» Work instruction: Leave the pictures out and reproduce, exactly, the lines from the one with "Tokių dėžučių iš" through the end of the entries below.

┏━━

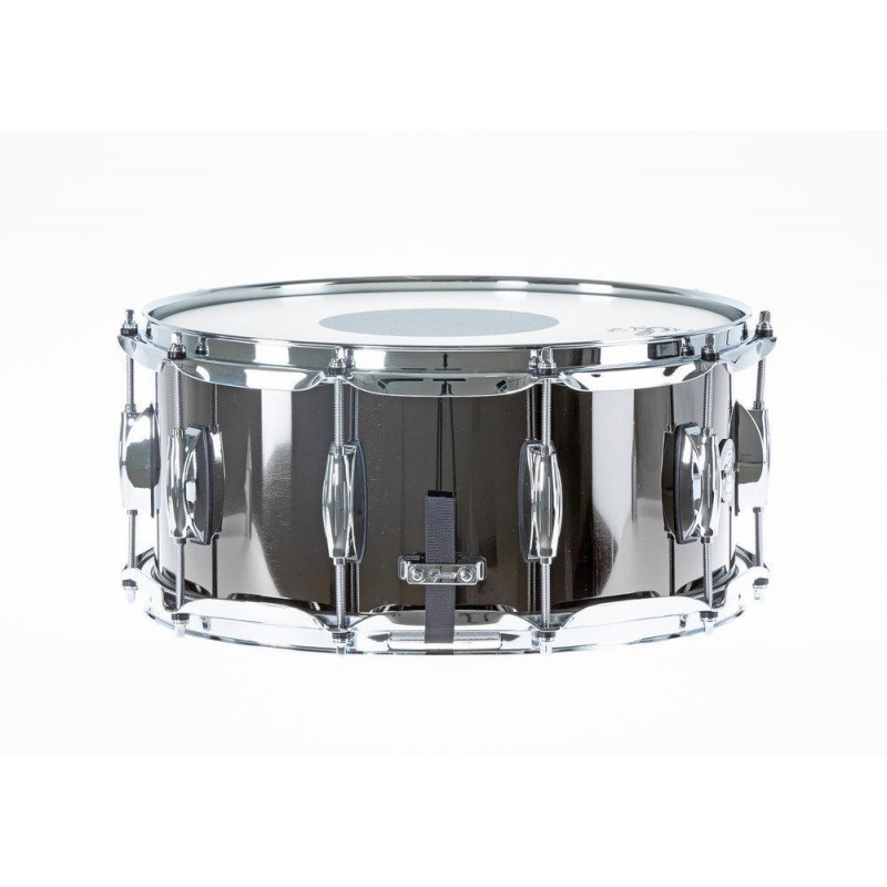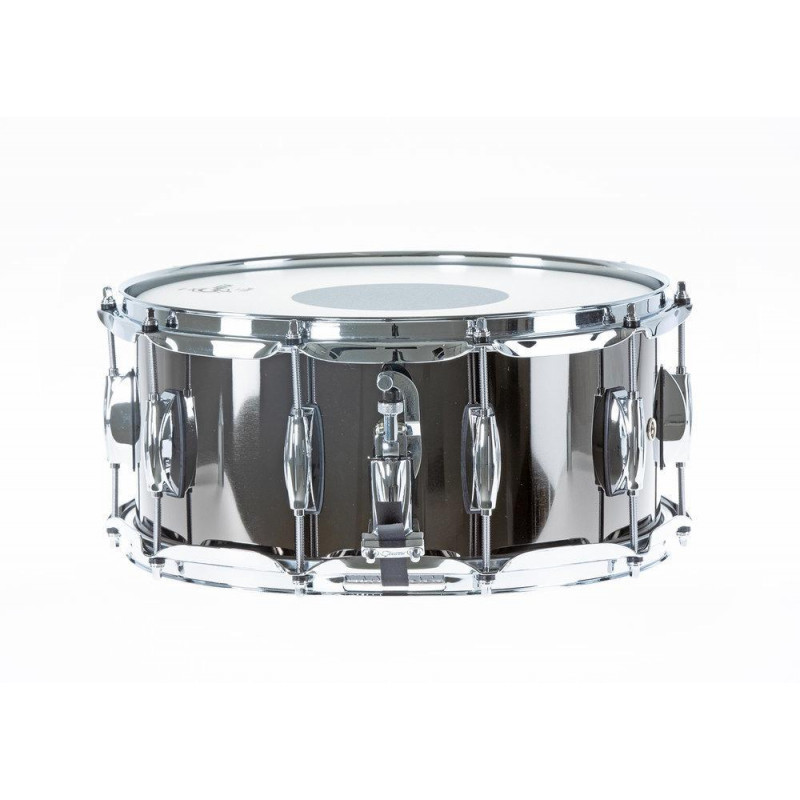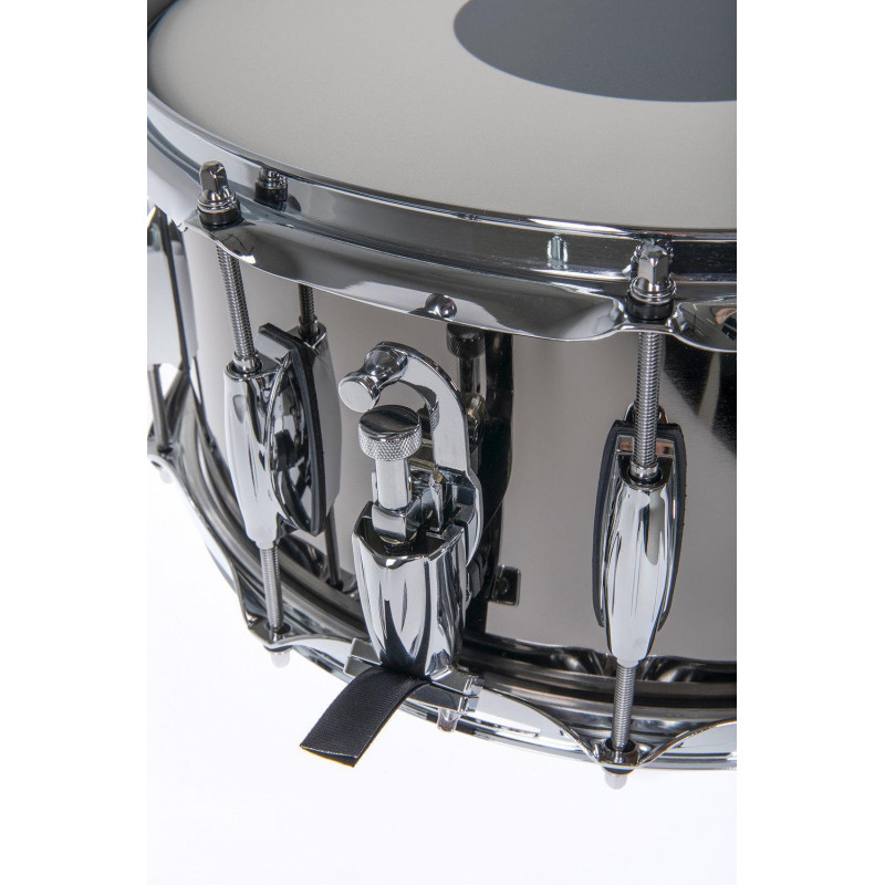 Nickel noir sur acier. coque en acier de 1. 2 mm. bords à 45º. cerceaux en acier à triple profil de 2. 3 mm. système de caisse claire à 20 fils. têtes Remo.
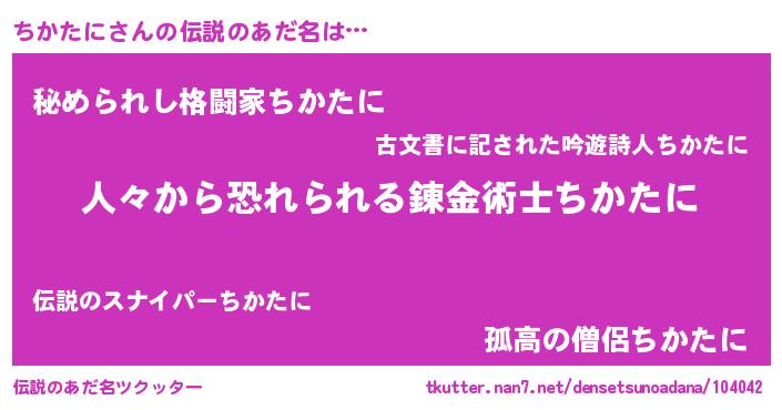 | ヒーロー風カッコイイあだ名 | 『正義の使者ちかたに』『黄金騎士チカ』 |
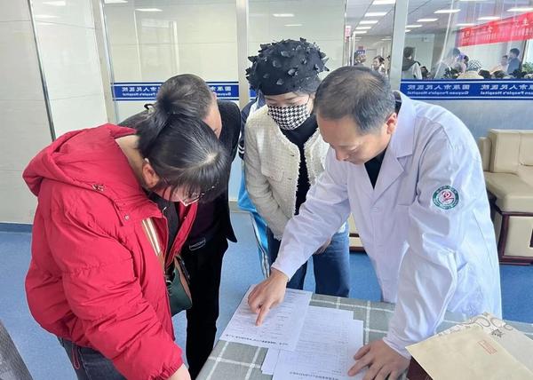 潘广玉为患儿家属介绍前往北京做手术需要准备的资料。
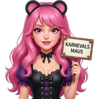 sexy girl with long pink hair and pink eyes wearing a halloween dress holding a KARNEVALS MAUS sign emoji
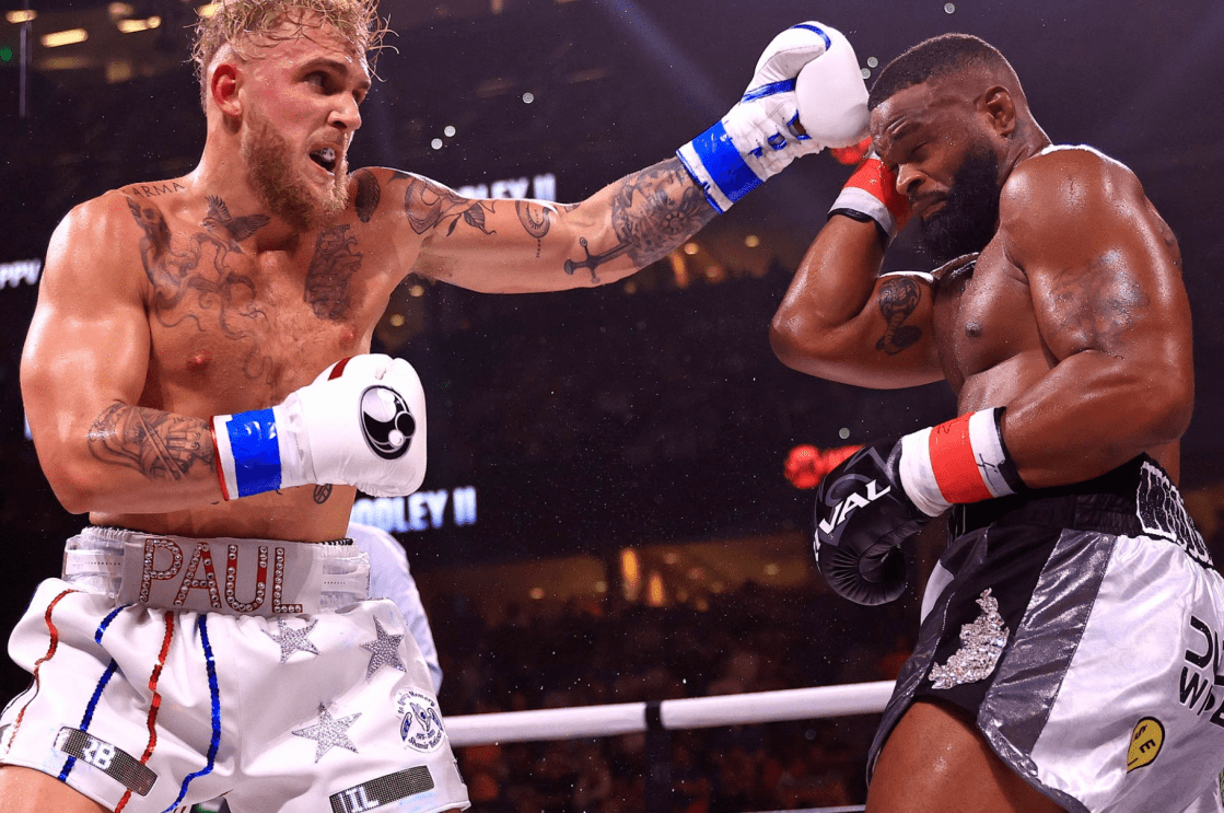 With a split decision win for their first bout — leading Woodley to tattoo “I Love Jake Paul” on his finger — Jake Paul Vs. Tyron Woodley 2 was signed last minute as a replacement fight due to an injured Tommy Fury. Scoring in favor 10-9 in the first five rounds, Paul was on his way to winning via points, but things changed in the sixth round when he feinted a jab followed by a powerful right hand which dropped Woodley stiff on the canvas.
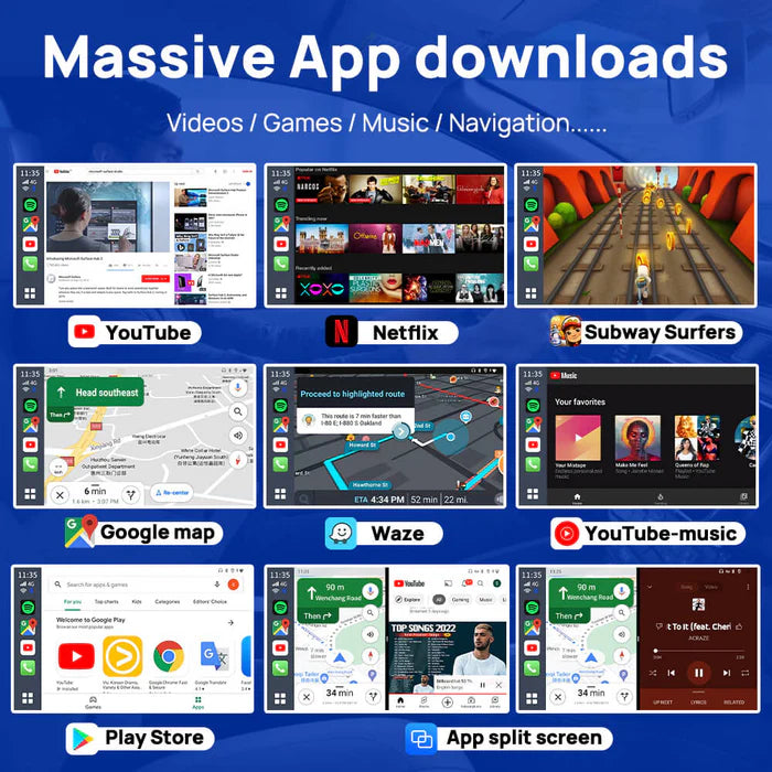 Carlinkit AI box Tbox Plus es compatible con CarPlay y Android Auto inalámbricos . Es compatible con iPhone y Android. Puedes descargar cualquier aplicación desde Google Play Store para mejorar tu experiencia de conducción y ampliar el sistema de infoentretenimiento de tu coche.
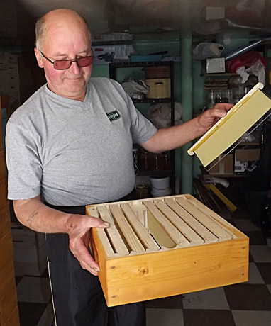 Tokių dėžučių iš spygliuočių medienos šeima pagamino apie tūkstantį. Vyras kalė dėžutes, žmona Dalė klijavo rėmelius, ant kurių bitės toliau „siuva“ korį ir neša medų.
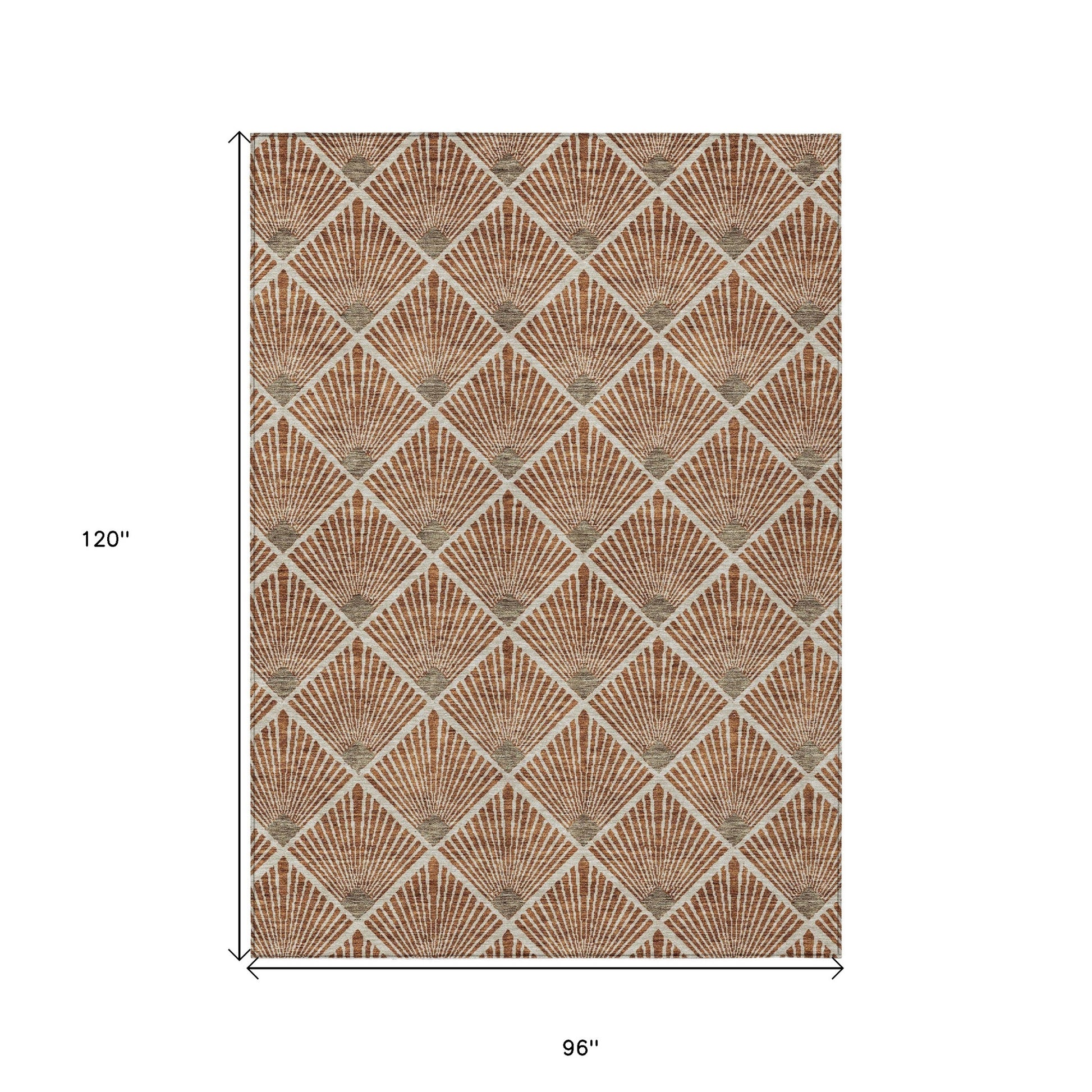 Tabselect Home Line 8' X 10' Brown Copper And Beige Geometric Washable Indoor Outdoor Area Rug
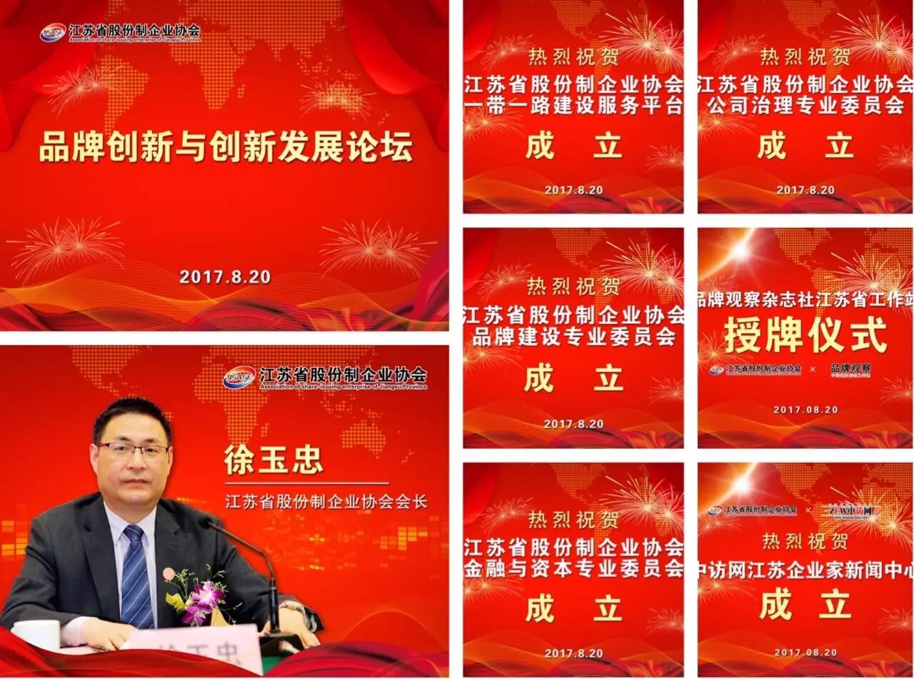 江苏省股份制企业协会徐玉忠会长发表“品牌创新与创新发展”主旨讲话,在讲话中重点强调了创新的重要性,突出“抓创新就是抓发展,保创新就是保未来”,并宣布“江苏省股份制企业协会一带一路建设服务平台”、“江苏省股份制企业协会品牌建设专业委员会”、“江苏省股份制企业协会金融与资本专业委员会”和“江苏省股份制企业协会公司治理专业委员会”成立。
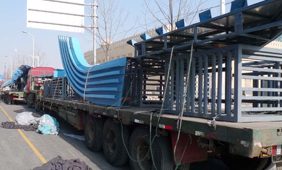 2月20日晚十點,經過十二個小時的長途跋涉,跨越千余公里,在山東省公安廳隨行護送,以及沿途交警部門與上海交警部門的配合下,由山東省交運集團代運的世博會山東館第三批框架,一行十輛十七米的特裝貨車,自濟至滬,通過嚴格安檢,進入世博園中國館區。

┗━━

» Task output:
 Tokių dėžučių iš spygliuočių medienos šeima pagamino apie tūkstantį. Vyras kalė dėžutes, žmona Dalė klijavo rėmelius, ant kurių bitės toliau „siuva“ korį ir neša medų.
 Tabselect Home Line 8' X 10' Brown Copper And Beige Geometric Washable Indoor Outdoor Area Rug
 江苏省股份制企业协会徐玉忠会长发表“品牌创新与创新发展”主旨讲话,在讲话中重点强调了创新的重要性,突出“抓创新就是抓发展,保创新就是保未来”,并宣布“江苏省股份制企业协会一带一路建设服务平台”、“江苏省股份制企业协会品牌建设专业委员会”、“江苏省股份制企业协会金融与资本专业委员会”和“江苏省股份制企业协会公司治理专业委员会”成立。
 2月20日晚十點,經過十二個小時的長途跋涉,跨越千余公里,在山東省公安廳隨行護送,以及沿途交警部門與上海交警部門的配合下,由山東省交運集團代運的世博會山東館第三批框架,一行十輛十七米的特裝貨車,自濟至滬,通過嚴格安檢,進入世博園中國館區。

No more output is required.